Interestingly, the DTD listed above and borrowed from the javadoc is well formed.
The DTD published at http://java.sun.com/dtd/properties.dtd appears to have been modified to:
<!-- Copyright 2005 Sun Microsystems, Inc. All rights reserved. --> <?xml version="1.0" encoding="UTF-8"?> <!-- DTD for properties --> <!ELEMENT properties ( comment?, entry* ) > <!ATTLIST properties version CDATA #FIXED "1.0"> <!ELEMENT comment (#PCDATA) > <!ELEMENT entry (#PCDATA) > <!ATTLIST entry key CDATA #REQUIRED>
See what has happened? Someone has probably insisted that they should add a copyright statement at the beginning of each of their documents, forgetting that XML forbids comments before the XML declaration…

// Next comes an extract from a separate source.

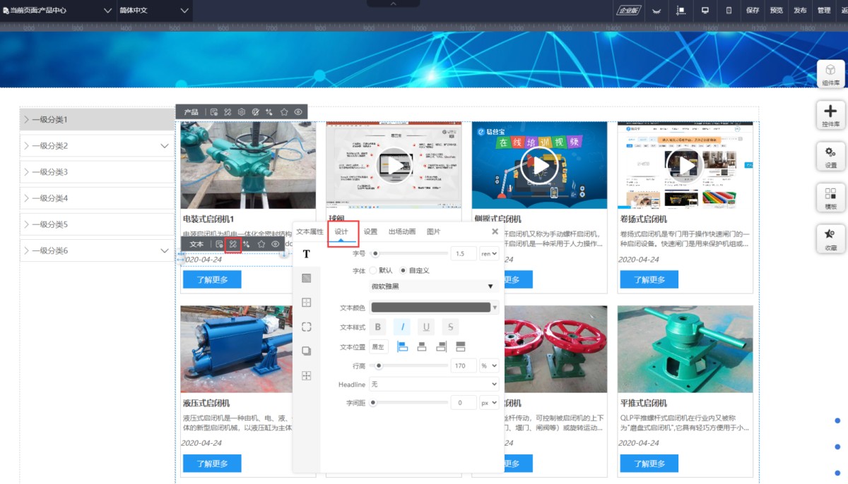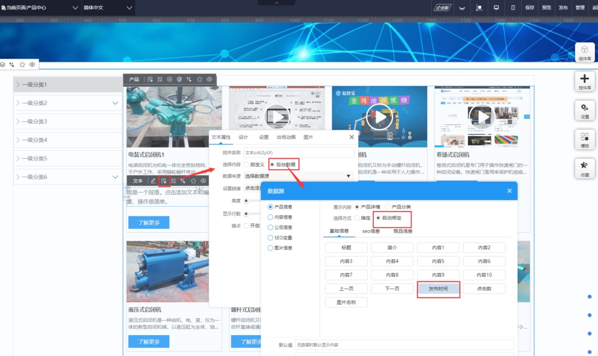 2,在文本属性里,选择后台数据。如果是产品列表,数据源选产品信息-产品详情-自动绑定-发布时间;如果是新闻列表,数据源选内容信息-内容详情-自动绑定-发布时间。设置完成后,保存刷新,其他产品会同步显示。

We shouldn’t let lawyers edit XML documents!
5 Comments
Write a Comment»Then again, SGML was invented by a lawyer.
John, that might be the reason!
But that lawyer was fanatical about validation and knew better than introducing a feature for well-formedness that would fail the stupid test: every introduction of a feature to support well-formedness, such as the optional prolog, tends to fail the stupid test.
So maybe stupid people shouldn’t edit XML.
A DTD isn’t a valid XML document. The problem is that it includes the XML processing instruction when it shouldn’t.
Apart from anything else, an XML document must contain a single well-formed root element, which is not present in a DTD. Additionally, none of the declarations are valid XML content.
Hmmm… Which processing instruction do you mean?
Technically speaking, <?xml version=”1.0″ encoding=”UTF-8″?> isn’t considered as a PI but as a XML declaration and it’s not only allowed in a DTD but also considered a good practice.
The error is the comment which is forbidden before the XML declaration in both XML documents and DTDs…